Using Issue 11: Tajdeed

Adapted from Marilyn Sides, Senior Lecturer and Director of Creative Writing, in the Department of English and Creative Writing, Wellesley College

1) Read: Mohammed Rabie’s “Burdens,” Muhammad Khudayyir’s “The Hush Void,” and Mahmoud al-Rahabi’s “The Passing Carts,” as well as the “Contributor Notes” for these authors and their translators.

Consider/Discuss:

  • What is each story about?
  • What is particular about the style of each piece?
  • What do these stories have in common? Consider themes (e.g., religion), style (e.g., allegory or parable), types of characters, settings, etc.
  • Which one do you like the most and why? (The category of “like” is always complex: this could mean the story’s content, language, and/or tone please you, intrigue you, demand your attention or admiration, or…)

For further exploration: Read the following accounts of the relationship of world literature and the role of translation, and briefly outline or list the main “story” each tells (you can note similarities and differences).

Write: One paragraph about the story from Issue 11 that you “like” most, explaining what you find particularly engaging, pleasing, challenging etc., about this story.
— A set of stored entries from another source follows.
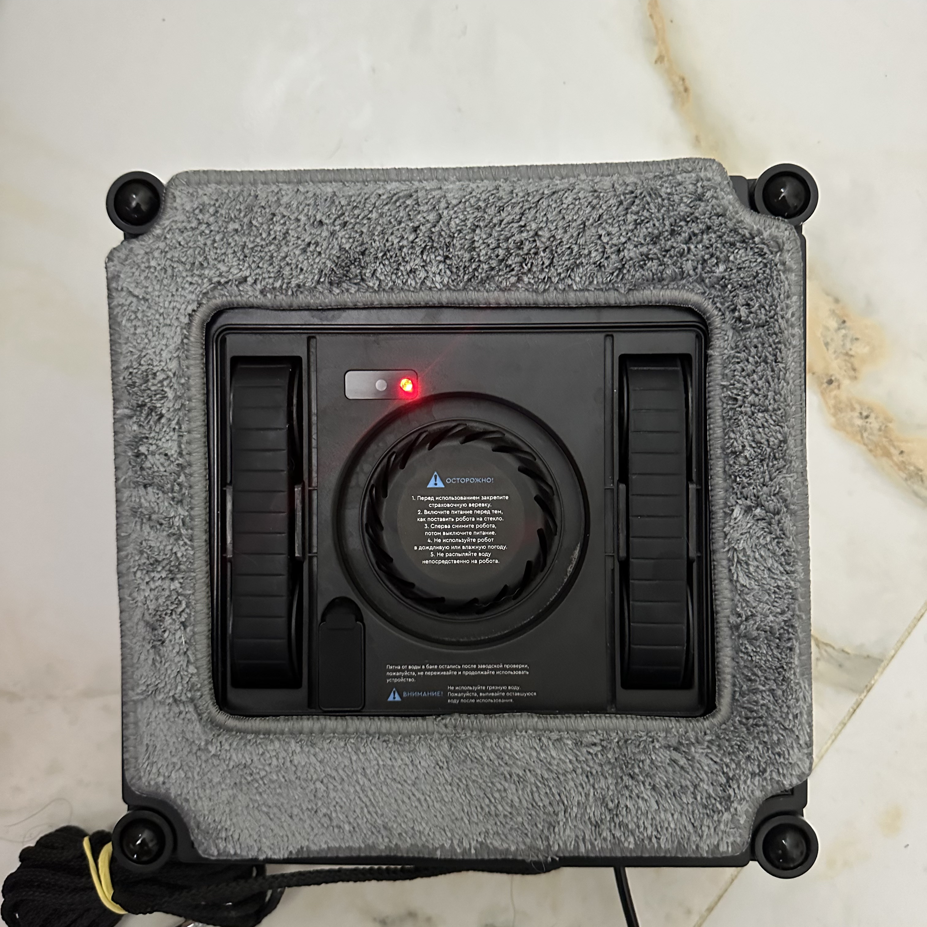 Отдельно стоит отметить важную функциональную деталь — это встроенный аккумулятор. Напомню, устройство сетевое и на автономную работу не рассчитано. Ёмкость аккумулятора составляет 500 мАч, и его задача не работать, а страховать. В случае отключения питания он удерживает робот на стекле и предотвращает падение. То есть это не альтернатива кабелю, а защита от непредвиденных ситуаций.
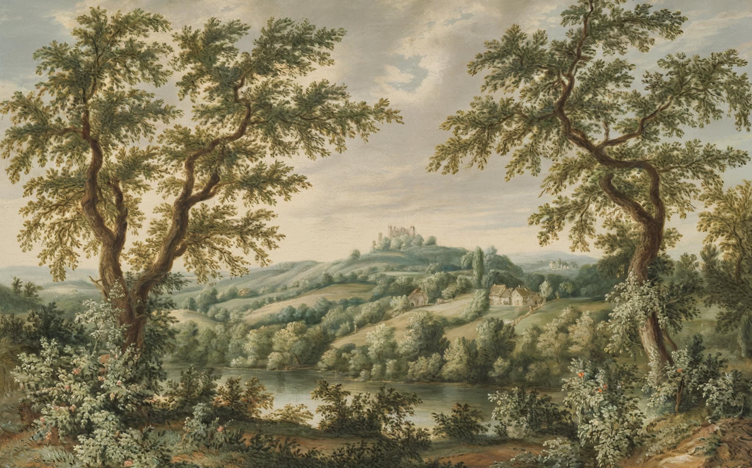 Vintage Pastoral Landscape Wallpaper: Removable Countryside Wall Mural
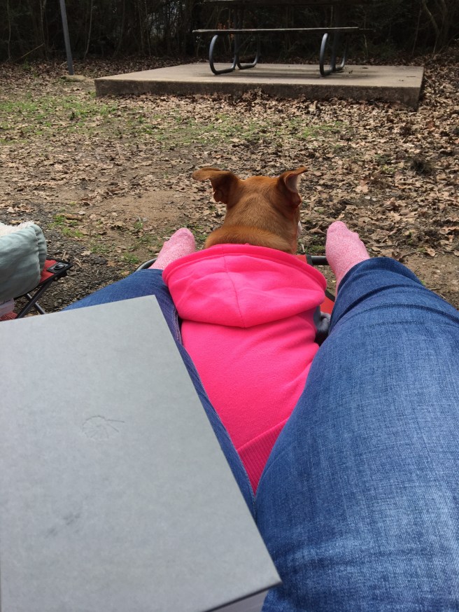 Luckily on Sunday the sun came out a little and the rain stopped. With Bella’s new hoodie, she would go outside. We spent the day at the campground reading and relaxing. All in all, it was a nice relaxing weekend and I’m looking forward to getting back out in the teardrop this year.

2) Read: The Issue 11 introductory essays by Youssef Rakha, “A Thousand and One Pebbles” and M. Lynx Qualey, “A Space for Dreaming,” as well as Rasha Abbas’ “Statement of Absolute Hatred,” Basma al-Nsour’s “Disappointments (and a Few Clarifications),” and Zakaria Tamer’s “Five Stories.” Also review the “Contributor Notes” for these authors and their translators.

For further exploration:

Consider/Discuss: In reading the background on Arabic literature, as well as the introductions to Issue 11, try to articulate:

  • What is classical Arabic? Modern Arabic? What has been the tension between poetry and fiction in the Arabic literary tradition?
  • How has Arabic fiction, in particular, reacted to the influx of Western (European and US) fiction from the 19th century up until the present?
  • Why is there “a lack of Western interest in Arabic literature” according to Rakha? How does Qualey characterize this issue of The Common as a response to that “lack”?
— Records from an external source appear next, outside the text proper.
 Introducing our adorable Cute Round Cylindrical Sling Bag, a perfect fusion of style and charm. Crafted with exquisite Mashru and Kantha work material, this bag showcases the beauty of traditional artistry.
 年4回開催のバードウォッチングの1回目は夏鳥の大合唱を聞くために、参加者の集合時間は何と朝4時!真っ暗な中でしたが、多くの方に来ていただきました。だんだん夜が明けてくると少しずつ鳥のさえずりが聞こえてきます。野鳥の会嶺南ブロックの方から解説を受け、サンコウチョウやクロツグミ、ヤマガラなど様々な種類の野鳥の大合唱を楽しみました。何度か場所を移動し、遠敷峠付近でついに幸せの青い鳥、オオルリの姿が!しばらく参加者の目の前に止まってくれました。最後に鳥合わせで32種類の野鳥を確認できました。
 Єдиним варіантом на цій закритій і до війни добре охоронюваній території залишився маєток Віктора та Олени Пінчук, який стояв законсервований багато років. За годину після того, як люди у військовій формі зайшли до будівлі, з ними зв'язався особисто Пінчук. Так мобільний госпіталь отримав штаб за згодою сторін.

Write:  Pick one of the stories from Issue 11 and write a paragraph about how you come to read it in the context of the background readings.


3) Read: In Issue 11, read Mona Merhi’s “Haphazardia” and Malika Moustadraf’s “Just Different,” as well as the authors’ bios and those of the translators in “Contributor’s Notes.”

For further exploration:

Consider/Discuss:

  • Think back to the works of the women authors you’ve read in Issue 11, in light of the “Arab Women Writers” essay—how do they seem a continuation of this history?
  • Connect the Bustani and Alter essays to the stories you’ve read; what forces are driving “new”/contemporary Arabic writing? How can we reflect on them individually and together?
  • Thinking about the essays by Merhi, Bustani, and Alter, how do the realities of political and religious censorship inflect almost all the stories we’ve read?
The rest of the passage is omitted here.